Citigroup fires executive Jason Gelinas for running a QAnon website

Citigroup fires executive Jason Gelinas for running a QAnon website

Citigroup has fired an executive who was unmasked last month as the operator of a popular QAnon website.

Jason Gelinas, a senior vice president in Citi’s technology group, got a pink slip from the $1.9 trillion megabank after it was discovered he was running QMap, a user-friendly website that collected and organized the various postings of Q, the pseudonym of QAnon’s mysterious founder and leader of the controversial conspiracy group.

“Mr. Gelinas is no longer employed by Citi,” a company spokesperson said in a statement. “Our Code of Conduct includes specific policies that employees are required to adhere to, and when breaches are identified, the firm takes action.”

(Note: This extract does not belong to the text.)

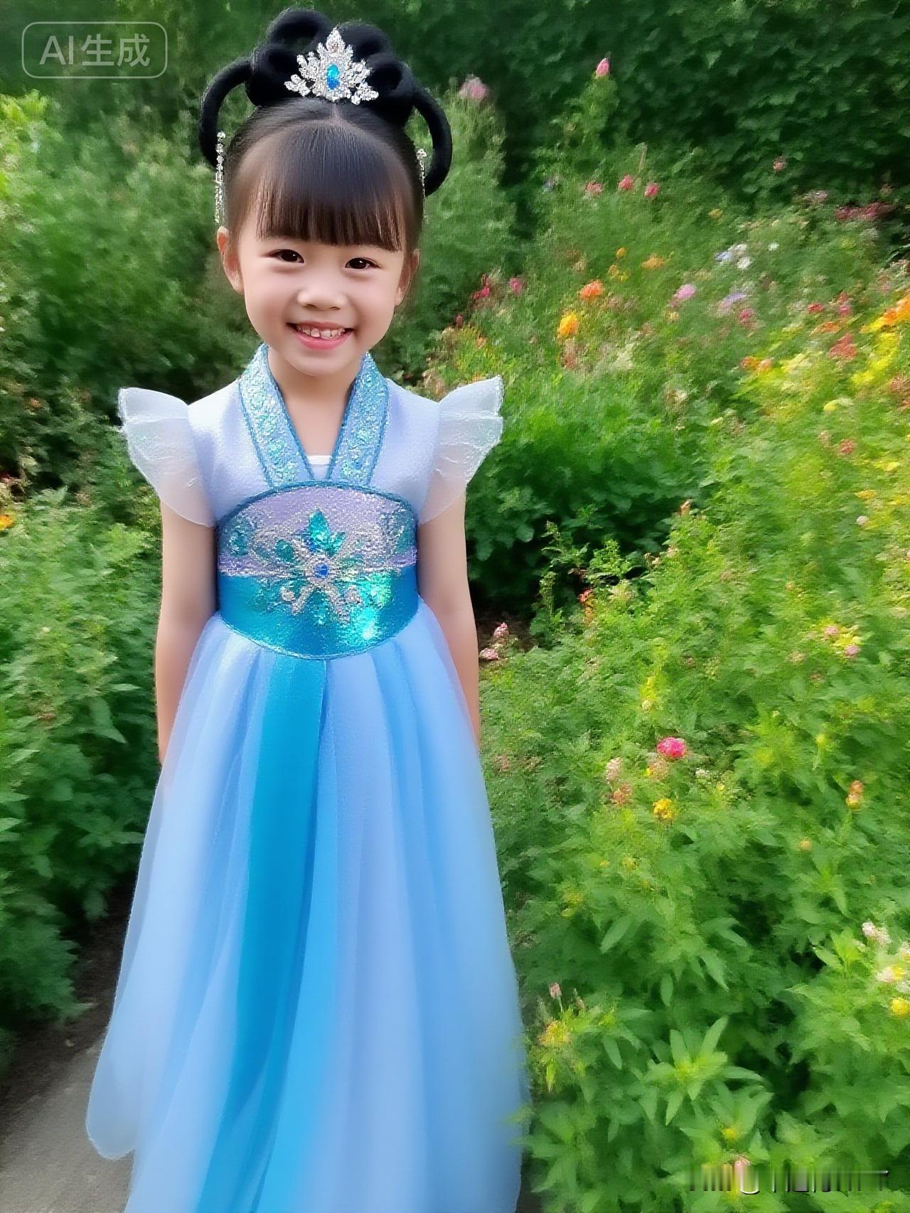 谁懂啊!刷到这组图的时候,直接被这小姑娘的笑容戳中了! 蓝白渐变的汉服像把夏天的晴空裁成了裙子,清透的纱袖飘起来的时候,连风都跟着温柔了。头上的发饰blingbling的,配着圆圆的发髻,活脱脱从古风绘本里跑出来的小仙童 站在开满花的小路上,她一笑,露出的小牙齿都带着甜气,连背景里的花花草草都好像跟着亮了起来。这大概就是“童年该有的样子”吧——穿喜欢的裙子,在风里笑,把普通的午后都变成闪闪发光的童话✨ 突然好羡慕现在的小朋友,能光明正大地穿汉服逛公园,把传统文化穿成日常的浪漫~要是我小时候有这么仙的裙子,能在小区里转三圈! (谁能拒绝这么甜的小仙女儿啊!评论区交出你们家娃的汉服美照

The spokesperson didn’t elaborate, but last month the bank had said “employees are required to disclose and obtain approvals for outside business activities.” At the time, multiple reports had found that Gelinas was earning more than $3,000 a month from the crowdfunding site Patreon to pay QMap’s bills.

Gelinas, a 48-year-old resident of Berkeley Heights, NJ, was outed in early September by Logically, a fact-checking news site that also discovered Gelinas is a longtime Wall Street IT expert who joined Citi in 2003 after a stint at Credit Suisse.


Reached by Bloomberg outside his home last month, Gelinas described QAnon — a conspiracy theory that claims President Trump is battling a “deep state” ring of child-sex traffickers — as “a patriotic movement to save the country.”

It’s not an ideal time for Citi to be reckoning with a politically sensitive firing, especially in its technology group.

In mid-September, around the same time Gelinas was unmasked as a QAnon major player, reports swirled that regulators are preparing a formal reprimand for Citi for failing to upgrade the bank’s outdated technology systems, opening it up to online threats and other risky behaviors.

On Sept. 10, Citi announced that chief executive Michael Corbat will retire in February, elevating Jane Fraser to CEO and making her the first woman to hold that role at a top-four American bank.